Cost/Metric Category	Amount/Value	Period/Context
Non-GAAP Combined R&D and SG&A Guidance	$2.15 billion to $2.2 billion	Full Year 2025 Guidance
Non-GAAP R&D Expenses	$310 million	Q3 2025
Non-GAAP SG&A Expenses	$263 million	Q3 2025
Gross Margin on Product Sales	77%	Q3 2025
Royalty Revenue	$46 million	Q3 2025 (Doubled year-over-year)
AMVUTTRA Royalty Acquisition Cost	$310 million	Upfront payment for 1% royalty (Royalty Pharma)
Fitusiran Royalty Tier	15% to 30%	Tiered royalties on global net sales

You can see the direct impact of pipeline progression on the P&L. The $46 million in royalty revenue for the quarter shows that some external revenue streams are material, but the high R&D spend is clearly the engine running the cost structure right now.

• Costs driven by initiation of ZENITH and TRITON-CM Phase III trials.
• SG&A increase driven by AMVUTTRA ATTR-CM launch investments.
• Gross margin reduction due to increased royalties on AMVUTTRA.
• Royalty payments to Royalty Pharma for AMVUTTRA commence October 1, 2025.

Finance: draft 13-week cash view by Friday.

Alnylam Pharmaceuticals, Inc. (ALNY) - Canvas Business Model: Revenue Streams

You're looking at the latest top-line projections for Alnylam Pharmaceuticals, Inc. as of late 2025. The company has definitely been seeing strong uptake, leading to guidance increases.

Net Product Sales

Alnylam Pharmaceuticals, Inc. raised its full-year 2025 guidance for total net product revenues.
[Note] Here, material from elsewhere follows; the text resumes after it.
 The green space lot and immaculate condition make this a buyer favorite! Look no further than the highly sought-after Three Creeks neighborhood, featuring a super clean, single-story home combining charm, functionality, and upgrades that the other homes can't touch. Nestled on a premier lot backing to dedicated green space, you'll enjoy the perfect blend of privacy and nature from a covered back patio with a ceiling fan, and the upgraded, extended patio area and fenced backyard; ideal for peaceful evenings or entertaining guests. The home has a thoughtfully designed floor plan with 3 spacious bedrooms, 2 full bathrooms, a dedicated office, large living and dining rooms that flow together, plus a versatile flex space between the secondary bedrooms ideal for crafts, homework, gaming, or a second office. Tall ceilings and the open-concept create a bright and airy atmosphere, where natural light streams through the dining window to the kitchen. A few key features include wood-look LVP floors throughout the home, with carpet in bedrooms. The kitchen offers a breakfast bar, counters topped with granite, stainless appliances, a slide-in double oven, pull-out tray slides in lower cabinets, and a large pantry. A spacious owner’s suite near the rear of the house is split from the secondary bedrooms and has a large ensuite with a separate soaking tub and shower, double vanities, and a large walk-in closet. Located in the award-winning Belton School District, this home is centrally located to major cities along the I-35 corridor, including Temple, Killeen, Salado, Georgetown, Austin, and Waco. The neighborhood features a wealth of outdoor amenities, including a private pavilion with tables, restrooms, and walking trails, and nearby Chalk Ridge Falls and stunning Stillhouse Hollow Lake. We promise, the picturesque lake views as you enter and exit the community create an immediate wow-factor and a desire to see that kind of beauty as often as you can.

You should note this reflects confidence in the ongoing commercial performance of the marketed RNAi therapeutics.

The updated full-year 2025 guidance for Net Product Sales is set in the range of $2.95 billion to $3.05 billion.

This total revenue stream is segmented across two primary franchises:

Franchise Segment	2025 Full-Year Revenue Guidance Range
TTR Franchise (AMVUTTRA, ONPATTRO)	$2.475 billion to $2.525 billion
Rare Franchise (GIVLAARI, OXLUMO)	$475 million to $525 million

The TTR franchise guidance was specifically raised to this range, representing a significant increase from prior expectations.
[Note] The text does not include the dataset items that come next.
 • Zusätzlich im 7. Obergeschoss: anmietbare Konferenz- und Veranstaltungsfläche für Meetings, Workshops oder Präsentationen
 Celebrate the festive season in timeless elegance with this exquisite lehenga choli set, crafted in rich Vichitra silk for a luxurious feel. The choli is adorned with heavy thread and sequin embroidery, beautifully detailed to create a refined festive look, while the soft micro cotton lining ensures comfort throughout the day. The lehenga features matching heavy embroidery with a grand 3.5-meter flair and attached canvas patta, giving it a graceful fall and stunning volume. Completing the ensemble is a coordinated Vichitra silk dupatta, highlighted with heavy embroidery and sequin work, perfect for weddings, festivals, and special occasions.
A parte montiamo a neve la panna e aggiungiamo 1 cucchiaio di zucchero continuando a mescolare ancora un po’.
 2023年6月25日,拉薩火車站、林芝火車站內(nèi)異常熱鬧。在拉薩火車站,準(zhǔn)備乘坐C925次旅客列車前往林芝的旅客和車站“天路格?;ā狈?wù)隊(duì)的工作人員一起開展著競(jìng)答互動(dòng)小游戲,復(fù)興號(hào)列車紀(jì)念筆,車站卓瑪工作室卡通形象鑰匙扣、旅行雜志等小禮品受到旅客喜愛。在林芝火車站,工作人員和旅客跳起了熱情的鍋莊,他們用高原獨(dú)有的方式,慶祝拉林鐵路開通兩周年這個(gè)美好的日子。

TTR Franchise Sales (AMVUTTRA, ONPATTRO)

The guidance for the TTR franchise, which includes AMVUTTRA (vutrisiran) and ONPATTRO (patisiran), is projected to fall between $2.475 billion and $2.525 billion for fiscal year 2025.
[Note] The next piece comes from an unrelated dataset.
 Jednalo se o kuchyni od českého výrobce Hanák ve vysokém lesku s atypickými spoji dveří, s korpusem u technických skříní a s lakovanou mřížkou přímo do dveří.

To give you a sense of the momentum, the third quarter of 2025 saw TTR franchise revenues hit $724 million, marking 135% year-over-year growth.

Rare Franchise Sales (GIVLAARI, OXLUMO)

For the Rare franchise, comprising GIVLAARI (givosiran) and OXLUMO (lumasiran), the expected revenue range for the full year 2025 is $475 million to $525 million.

In the third quarter of 2025, the Rare franchise generated $127 million in total net product revenue.

Collaboration Revenue

Alnylam Pharmaceuticals, Inc. also books revenue from its partnerships. The guidance for FY 2025 net revenues from collaborations and royalties combined is set between $650 million and $750 million.

The third quarter of 2025 provided a strong look at this stream:

• Collaboration revenue for Q3 2025 was $352 million.
• This Q3 figure was driven by $300 million in milestone revenue from the Roche partnership related to the ZENITH Phase 3 trial.
• The prior guidance for total net product revenues in Q1 2025 had included a collaboration+royalty revenue expectation of $650 million to $750 million.

Royalty Revenue

A portion of the non-product revenue comes from royalties on partner-led products. You should track LEQVIO (inclisiran), which Alnylam Pharmaceuticals, Inc. partners on with Novartis, as a key driver here.

In the third quarter of 2025, royalty revenue doubled to $46 million, directly attributed to higher LEQVIO sales.

Finance: draft 13-week cash view by Friday.